▸ TASK REQUIREMENTS: Using the data below, print exactly the line with "GÄSTE BEKOMMEN IHRE", the line with "Слика 5. Изградња", and every line between them, but none of the pictures.

▸ DATA EXTRACT:
%%
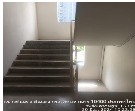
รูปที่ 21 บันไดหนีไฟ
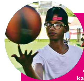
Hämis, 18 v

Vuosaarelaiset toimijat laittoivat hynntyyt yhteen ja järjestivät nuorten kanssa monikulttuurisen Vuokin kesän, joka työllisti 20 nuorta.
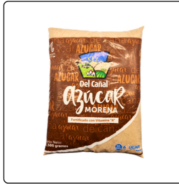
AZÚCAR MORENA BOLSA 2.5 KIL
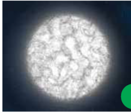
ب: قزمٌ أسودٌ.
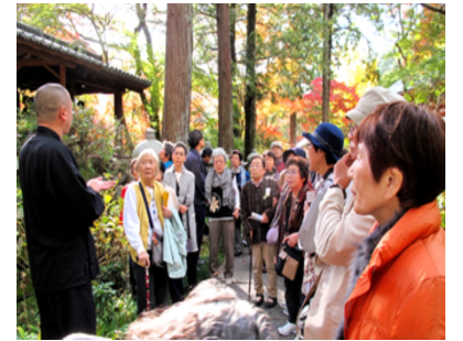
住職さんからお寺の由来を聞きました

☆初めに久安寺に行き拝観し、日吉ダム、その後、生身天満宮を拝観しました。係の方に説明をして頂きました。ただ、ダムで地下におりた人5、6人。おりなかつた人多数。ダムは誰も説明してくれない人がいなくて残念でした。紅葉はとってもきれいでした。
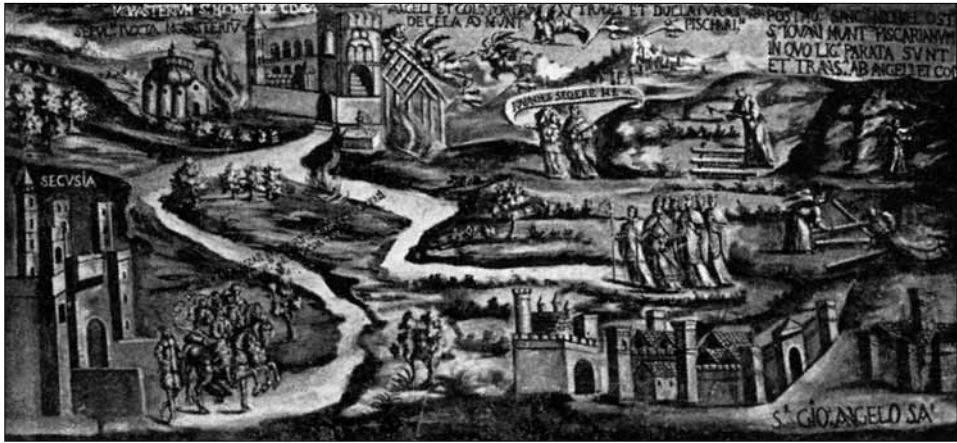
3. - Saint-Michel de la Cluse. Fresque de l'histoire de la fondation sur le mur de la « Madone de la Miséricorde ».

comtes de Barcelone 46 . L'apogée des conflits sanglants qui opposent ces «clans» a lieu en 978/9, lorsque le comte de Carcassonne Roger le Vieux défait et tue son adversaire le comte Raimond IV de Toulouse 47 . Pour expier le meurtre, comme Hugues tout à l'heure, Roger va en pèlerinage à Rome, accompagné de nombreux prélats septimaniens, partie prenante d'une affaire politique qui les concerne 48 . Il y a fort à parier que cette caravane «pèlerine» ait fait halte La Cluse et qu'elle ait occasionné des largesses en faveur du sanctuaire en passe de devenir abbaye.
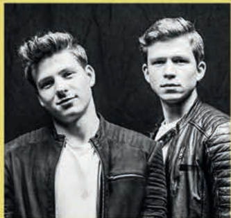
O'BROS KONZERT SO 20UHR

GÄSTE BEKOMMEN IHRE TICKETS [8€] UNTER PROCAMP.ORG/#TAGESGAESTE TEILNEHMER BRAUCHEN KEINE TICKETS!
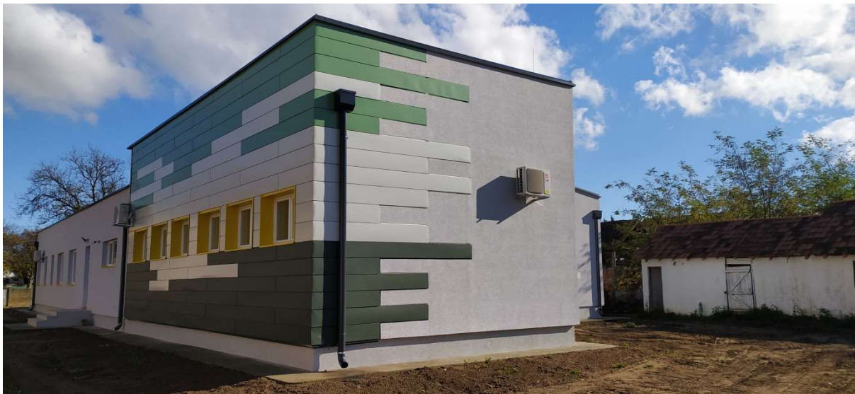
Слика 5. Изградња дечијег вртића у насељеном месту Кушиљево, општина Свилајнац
%%
%%
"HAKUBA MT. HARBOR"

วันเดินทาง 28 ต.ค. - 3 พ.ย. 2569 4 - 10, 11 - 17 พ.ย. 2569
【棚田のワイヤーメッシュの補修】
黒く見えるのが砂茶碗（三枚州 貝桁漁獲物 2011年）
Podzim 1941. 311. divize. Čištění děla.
%%
%%
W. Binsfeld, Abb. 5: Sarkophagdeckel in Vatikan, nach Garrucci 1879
%%
▸ EXPECTED ANSWER:
GÄSTE BEKOMMEN IHRE TICKETS [8€] UNTER PROCAMP.ORG/#TAGESGAESTE TEILNEHMER BRAUCHEN KEINE TICKETS!
Слика 5. Изградња дечијег вртића у насељеном месту Кушиљево, општина Свилајнац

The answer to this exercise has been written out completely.